Hong Kong: a city or a nation after 2047?

By Shun Hei Janice LAM

“One Country, Two Systems” is a constitutional principle that was agreed between Britain and China in the Sino-British Joint Declaration signed in 1984. It guaranteed that, after Hong Kong returned to China in 1997, the socialist system in China would not practice in the Hong Kong Special Administrative Region (HKSAR), and Hong Kong’s previous legislative, political and capitalist economic systems would remain unchanged for 50 years until 2047. However, as China keeps interfering Hong Kong’s local affairs and tightening its grip over the territory in recent years, there are increasing concerns in Hong Kong that the political and human rights are being whittled away. There are a growing number of young people demanding more autonomy, or even independence from China. According to a recent survey conducted by the Chinese University of Hong Kong, nearly 40% of the young people in Hong Kong supported independence from China after 2047. Today the debate over Hong Kong independence is heating up.

It has not only stirred up controversy in Hong Kong, but also gained global attention to its concerns. Pascal-Emmanuel Gobry’s “Can Hong Kong break free of China?” and Mark C. Eades’ “Beijing Frets Over Hong Kong Independence Movement” are two opinion pieces that show support to the pro-independence movement, while Frank Ching’s “HK’s dangerous pipe-dream: Independence” and Regina Ip’s “No case for Hong Kong secession” are another two opinion pieces that oppose to Hong Kong’s separatism from China. This article will provide a close analysis of these articles by looking into how the authors mount their arguments towards the independence of Hong Kong, as well as how they evaluate and characterise the current government of China. This analysis will support the primary conclusion that although the pieces show different viewpoints towards the talk of Hong Kong independence, the authors of the articles argue to their readers under the same assumption that Hong Kong independence movement is at a nascent stage and has a very difficult road ahead of it. Also, the authors attempted to position their readers to have different views towards the China under Xi Jinping’s government.

By looking into the way the authors mount their arguments, it can be observed that they have different standpoints and different anticipated audience.

First, let’s take a look at Gobry’s piece, which supports Hong Kong to separate from China. It is an argumentative piece that uses appeals to fact and authority to justify and back up his central claim: City-states are the future of Hong Kong as China has been cracking down.

“In 2014, a decision by the Chinese Communist Party to start vetting candidates for elections prompted the ‘umbrella movement,’ a series of sit-ins and protests that froze the city for months.”

This appeal to fact makes the bifurcation between Hong Kong and China stands out, where “Hongkongers” expect a high degree of autonomy when China wanted to take control over Hong Kong and only allow selected Chief Executive candidates to be elected by the universal suffrage.

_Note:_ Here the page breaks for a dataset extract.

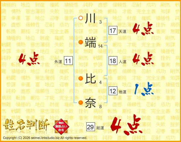生活面を象徴する運勢です。外部から受ける影響力を表し、結婚運、家庭運や職場、環境への順応性を表します。総運から人運を引いた画数。姓や名が1文字の場合を除く。
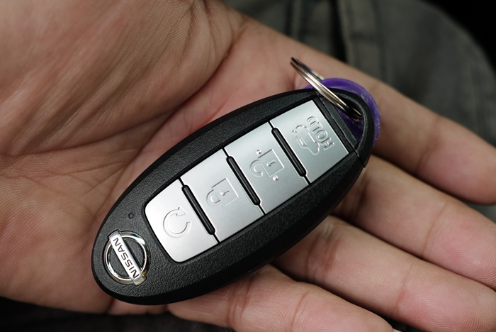 | ALL NEW SENTRA的車鑰匙還滿有質感的,同樣屬於感應式鑰匙。 |

“Chinese dissidents living in Hong Kong, who used to be able to rely on safety, have been running into “accidents” – or disappearing.”

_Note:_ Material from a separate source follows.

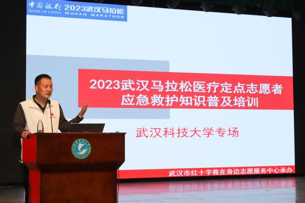 武科大网讯(记者张薪蕙 摄影韩宇)心脏骤停如何救命?只需一双会CPR的手!3月19日上午,2023武汉马拉松联合武汉市红十字“救在身边”志愿服务中心在永利官网黄家湖校区为来自永利官网的210名汉马定点医疗志愿者展开了应急救护知识普及理论培训和心肺复苏(CPR)及自动体外除颤器(AED)实践培训。

This justification is reinforced through the case of Lam Wing-kee, the seller of books critical of China who disappeared and was only allowed to return to Hong Kong after months of detention and alleged torture. This is obvious evidence that shows China has violated the principle of “One Country, Two Systems” by breaking the notification mechanism between the Mainland authorities and Hong Kong, which supports his claim that China is cracking down and effective in convincing his readers.

 

“A recent poll found the number of Hong Kong residents who say they ‘feel Chinese” has dropped to a record low.”

This appeal to authority (The University of Hong Kong) indicates the identity issues take place in Hong Kong, which fewer people in Hong Kong recognise themselves as Chinese, proving that they think Hong Kong is not necessarily a part of China.

From these justifications and supporting claims appealing to fact and authority, it is plausible that Gobry anticipates an audience that is in opposition to his standpoints, as he is trying to convince his readers by using facts and reliable statistics.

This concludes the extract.